* [Your goal]: A faithful copy of the entries is needed, one that leaves out the pictures.
- Opening Delimiter -
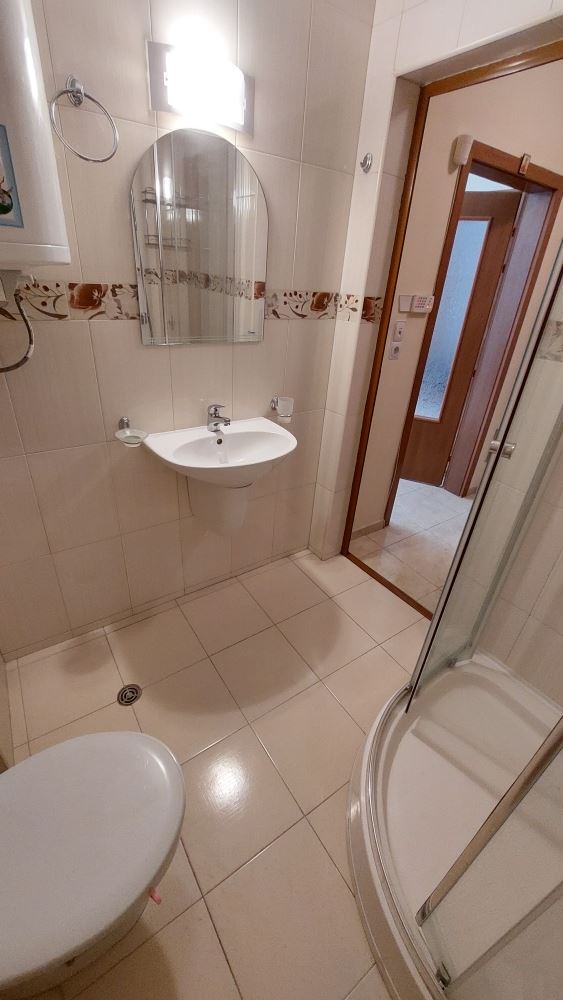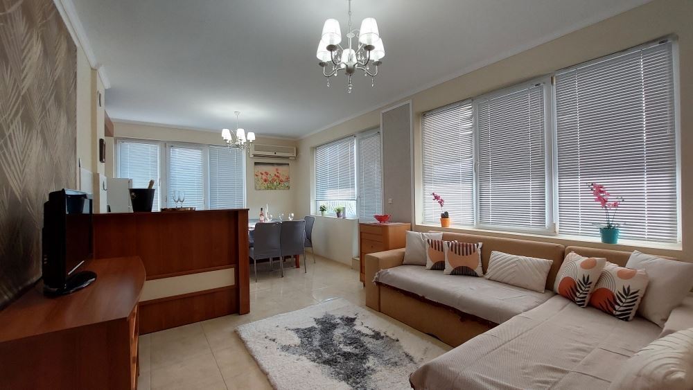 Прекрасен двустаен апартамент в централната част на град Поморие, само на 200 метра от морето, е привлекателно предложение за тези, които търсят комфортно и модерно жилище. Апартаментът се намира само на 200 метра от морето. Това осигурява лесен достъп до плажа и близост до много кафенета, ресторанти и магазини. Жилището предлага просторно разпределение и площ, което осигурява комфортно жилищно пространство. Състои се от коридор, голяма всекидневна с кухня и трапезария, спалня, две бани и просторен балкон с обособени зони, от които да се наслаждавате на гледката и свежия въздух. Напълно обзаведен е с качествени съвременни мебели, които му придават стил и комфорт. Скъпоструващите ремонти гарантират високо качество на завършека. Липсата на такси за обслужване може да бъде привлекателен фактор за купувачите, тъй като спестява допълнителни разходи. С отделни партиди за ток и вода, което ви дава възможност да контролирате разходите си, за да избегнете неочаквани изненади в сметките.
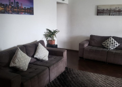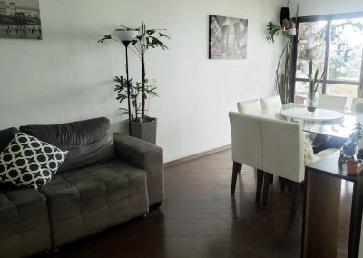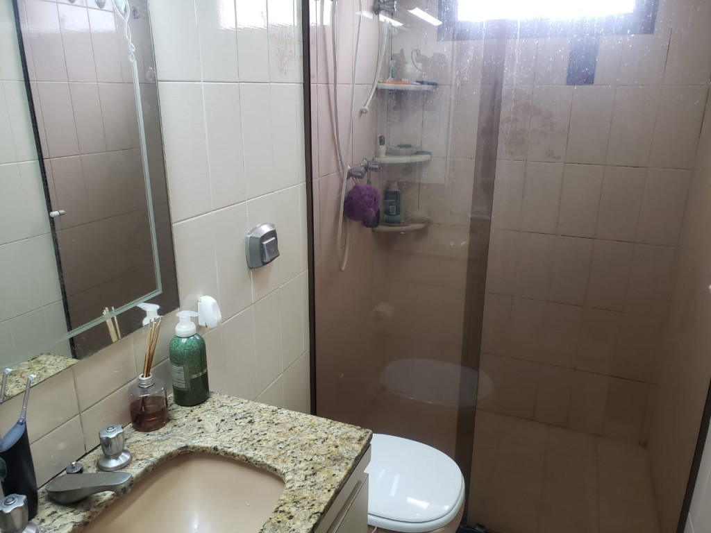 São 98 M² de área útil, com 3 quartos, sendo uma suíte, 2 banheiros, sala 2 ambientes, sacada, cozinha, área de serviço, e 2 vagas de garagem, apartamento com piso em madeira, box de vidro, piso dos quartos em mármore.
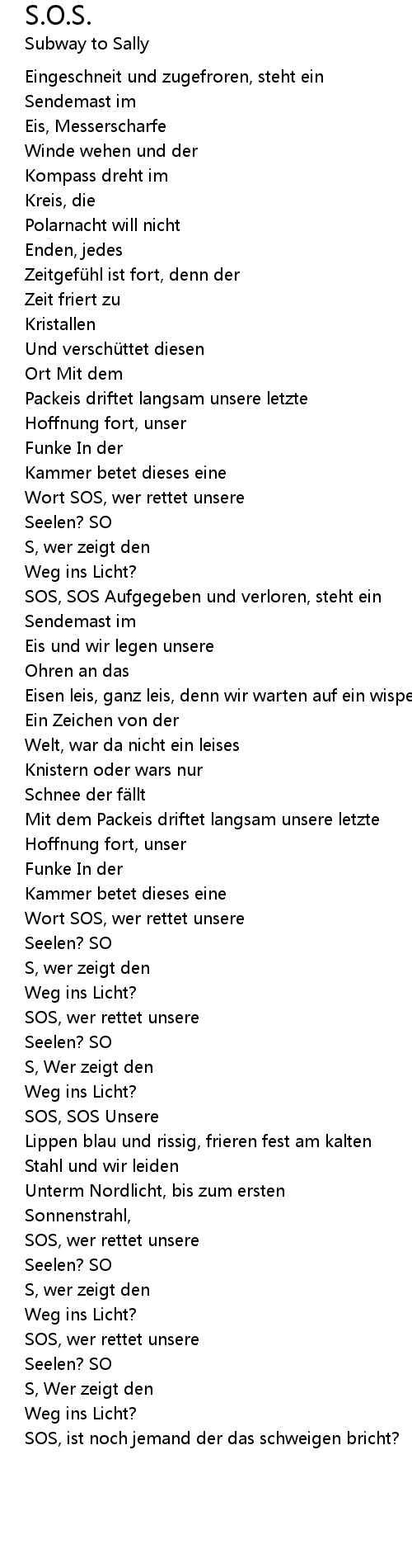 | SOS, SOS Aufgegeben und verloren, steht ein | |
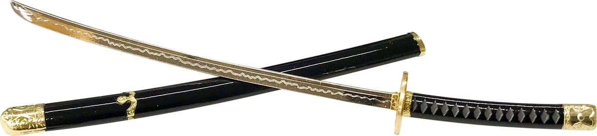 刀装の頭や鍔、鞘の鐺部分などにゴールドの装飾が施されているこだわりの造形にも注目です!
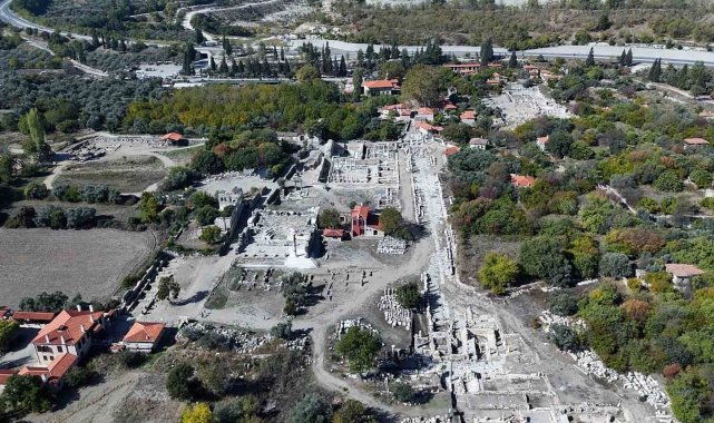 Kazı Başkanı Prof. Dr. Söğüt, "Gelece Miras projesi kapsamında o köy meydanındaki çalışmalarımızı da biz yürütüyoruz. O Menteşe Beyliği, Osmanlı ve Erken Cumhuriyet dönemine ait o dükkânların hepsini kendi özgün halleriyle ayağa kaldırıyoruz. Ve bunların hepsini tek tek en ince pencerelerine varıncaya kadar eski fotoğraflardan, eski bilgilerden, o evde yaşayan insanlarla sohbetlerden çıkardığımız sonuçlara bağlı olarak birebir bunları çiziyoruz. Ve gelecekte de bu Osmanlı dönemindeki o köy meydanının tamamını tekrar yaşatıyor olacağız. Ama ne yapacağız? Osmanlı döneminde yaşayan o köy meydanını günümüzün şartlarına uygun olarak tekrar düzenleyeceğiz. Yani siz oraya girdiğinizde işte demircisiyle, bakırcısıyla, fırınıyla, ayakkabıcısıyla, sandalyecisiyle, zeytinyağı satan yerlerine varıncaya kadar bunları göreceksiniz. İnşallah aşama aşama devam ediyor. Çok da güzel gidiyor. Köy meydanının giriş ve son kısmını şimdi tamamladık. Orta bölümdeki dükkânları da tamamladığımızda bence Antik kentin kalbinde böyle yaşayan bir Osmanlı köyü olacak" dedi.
- Closing Delimiter -
* [Response box]:
 Прекрасен двустаен апартамент в централната част на град Поморие, само на 200 метра от морето, е привлекателно предложение за тези, които търсят комфортно и модерно жилище. Апартаментът се намира само на 200 метра от морето. Това осигурява лесен достъп до плажа и близост до много кафенета, ресторанти и магазини. Жилището предлага просторно разпределение и площ, което осигурява комфортно жилищно пространство. Състои се от коридор, голяма всекидневна с кухня и трапезария, спалня, две бани и просторен балкон с обособени зони, от които да се наслаждавате на гледката и свежия въздух. Напълно обзаведен е с качествени съвременни мебели, които му придават стил и комфорт. Скъпоструващите ремонти гарантират високо качество на завършека. Липсата на такси за обслужване може да бъде привлекателен фактор за купувачите, тъй като спестява допълнителни разходи. С отделни партиди за ток и вода, което ви дава възможност да контролирате разходите си, за да избегнете неочаквани изненади в сметките.
 São 98 M² de área útil, com 3 quartos, sendo uma suíte, 2 banheiros, sala 2 ambientes, sacada, cozinha, área de serviço, e 2 vagas de garagem, apartamento com piso em madeira, box de vidro, piso dos quartos em mármore.
 | SOS, SOS Aufgegeben und verloren, steht ein | |
 刀装の頭や鍔、鞘の鐺部分などにゴールドの装飾が施されているこだわりの造形にも注目です!
 Kazı Başkanı Prof. Dr. Söğüt, "Gelece Miras projesi kapsamında o köy meydanındaki çalışmalarımızı da biz yürütüyoruz. O Menteşe Beyliği, Osmanlı ve Erken Cumhuriyet dönemine ait o dükkânların hepsini kendi özgün halleriyle ayağa kaldırıyoruz. Ve bunların hepsini tek tek en ince pencerelerine varıncaya kadar eski fotoğraflardan, eski bilgilerden, o evde yaşayan insanlarla sohbetlerden çıkardığımız sonuçlara bağlı olarak birebir bunları çiziyoruz. Ve gelecekte de bu Osmanlı dönemindeki o köy meydanının tamamını tekrar yaşatıyor olacağız. Ama ne yapacağız? Osmanlı döneminde yaşayan o köy meydanını günümüzün şartlarına uygun olarak tekrar düzenleyeceğiz. Yani siz oraya girdiğinizde işte demircisiyle, bakırcısıyla, fırınıyla, ayakkabıcısıyla, sandalyecisiyle, zeytinyağı satan yerlerine varıncaya kadar bunları göreceksiniz. İnşallah aşama aşama devam ediyor. Çok da güzel gidiyor. Köy meydanının giriş ve son kısmını şimdi tamamladık. Orta bölümdeki dükkânları da tamamladığımızda bence Antik kentin kalbinde böyle yaşayan bir Osmanlı köyü olacak" dedi.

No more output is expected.